-- Dataset content --
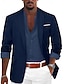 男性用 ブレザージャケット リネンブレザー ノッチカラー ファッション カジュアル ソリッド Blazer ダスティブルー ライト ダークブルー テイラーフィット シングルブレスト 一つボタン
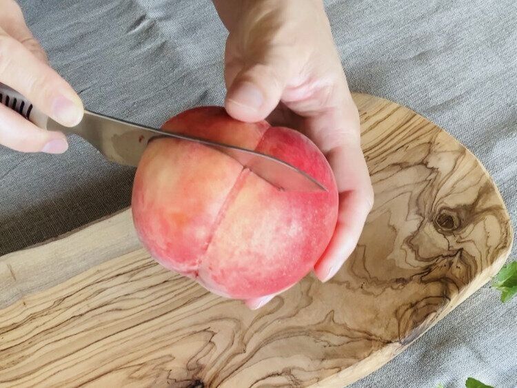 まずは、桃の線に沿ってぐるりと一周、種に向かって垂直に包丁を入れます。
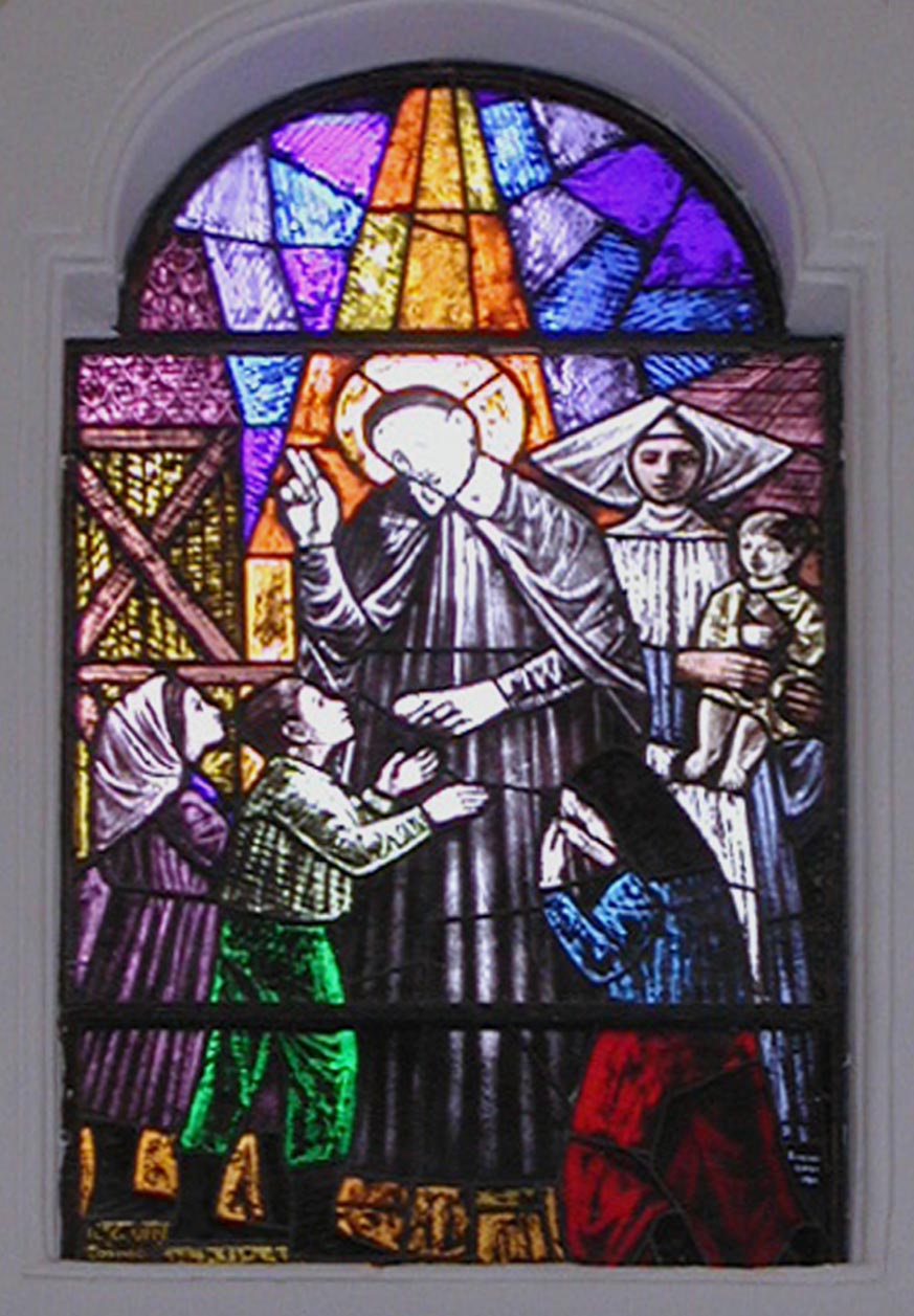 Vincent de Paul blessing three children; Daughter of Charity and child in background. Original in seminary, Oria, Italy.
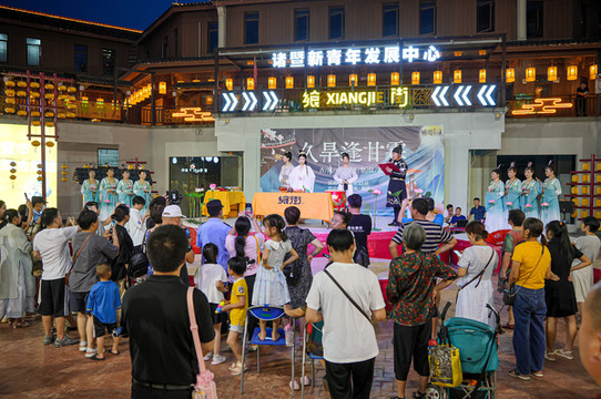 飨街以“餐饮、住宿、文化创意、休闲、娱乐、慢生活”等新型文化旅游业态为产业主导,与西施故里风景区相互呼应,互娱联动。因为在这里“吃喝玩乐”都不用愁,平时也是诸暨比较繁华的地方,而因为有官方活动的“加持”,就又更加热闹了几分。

-- Exercise directions --
Copy the listing above exactly, minus the pictures.

-- Response to the task --
 男性用 ブレザージャケット リネンブレザー ノッチカラー ファッション カジュアル ソリッド Blazer ダスティブルー ライト ダークブルー テイラーフィット シングルブレスト 一つボタン
 まずは、桃の線に沿ってぐるりと一周、種に向かって垂直に包丁を入れます。
 Vincent de Paul blessing three children; Daughter of Charity and child in background. Original in seminary, Oria, Italy.
 飨街以“餐饮、住宿、文化创意、休闲、娱乐、慢生活”等新型文化旅游业态为产业主导,与西施故里风景区相互呼应,互娱联动。因为在这里“吃喝玩乐”都不用愁,平时也是诸暨比较繁华的地方,而因为有官方活动的“加持”,就又更加热闹了几分。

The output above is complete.